While I am certainly not going to downplay the importance of assets (even if they ultimately get replaced it is nicer to have them as nice placeholders to replace rather than remake from scratch or have straight up placeholders) and you can indeed "slap a game engine together" it will feel like it -- I assume we have all played crap remasters, crap ports (especially on old consoles or things to weak consoles when porting really meant something and hard choices had to be made), bad fan remakes and the like -- even if you have design documents then chances are you still had some dev tweaking an acceleration curve of movement last thing on a Friday night and did not care to document it. To that end don't dismiss engines too quickly.


----------



## minka (May 4, 2020)

apparently (i dont have the source for this) the people behind this leak are also going to leak spaceworld 99 demos.....

earthbound 64??? 

--------------------- MERGED ---------------------------



arjunpatel said:


> especially with all those fan projects that they shut down for no reason at all



hopefully we can use these leaks to make pokemon rom hacks, that'd be the best insult to injury


----------



## Pokemon_Tea_Sea_Jee (May 4, 2020)

minka said:


> earthbound 64???



I was thinking about mentioning Earthbound 64 here yesterday.


----------



## minka (May 4, 2020)

Pokemon_Tea_Sea_Jee said:


> I was thinking about mentioning Earthbound 64 here yesterday.

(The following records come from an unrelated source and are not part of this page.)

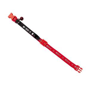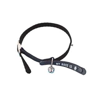 Kattehalsbånd af nylon med elastik og klokke. Læderstroppen kan mærkes på bagsiden. Fås i forskellige modeller, størrelser og farver. Se varianterne.
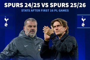 體育資訊12月16日訊 熱刺在本賽季英超表現(xiàn)低迷,新帥弗蘭克執(zhí)教未能達(dá)到預(yù)期,《轉(zhuǎn)會(huì)市場(chǎng)》統(tǒng)計(jì)顯示熱刺的表現(xiàn)還不及上賽季同期。
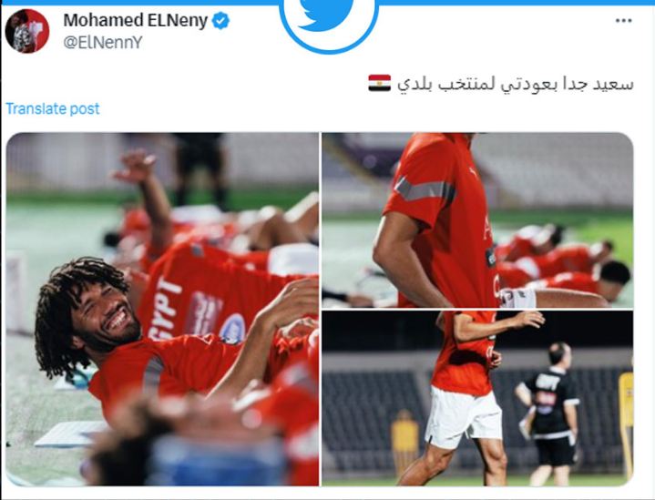 ونشر النني على حسابه الشخصي على موقع × “تويتر سابقا” بعض الصور له أثناء مشاركته في تدريبات منتخب مصر الوطني بالإمارات اليوم الإثنين، معلقا عليها (سعيد جدا بعودتي لمنتخب بلدي).

it'd be interesting to see how much of it was actually finished and how much the story changed since then


----------



## Maq47 (May 4, 2020)

The 4chan link is dead. Is there a mirror?
P.S. I am NOT asking to have the mirror, I am simply asking if one exists.


----------



## Alejandro_ (May 4, 2020)

minka said:


> it'd be interesting to see how much of it was actually finished and how much the story changed since then



The Earthbound 64 demo is like the holy grail for Mother fans, i really want to see it released!


----------



## minka (May 4, 2020)

Alejandro_ said:


> The Earthbound 64 demo is like the holy grail for Mother fans, i really want to see it released!



either that or an official release of mom 3 in the west


----------



## pedro702 (May 4, 2020)

Magnus87 said:


> Is it time for the revival of the Wii homebrew?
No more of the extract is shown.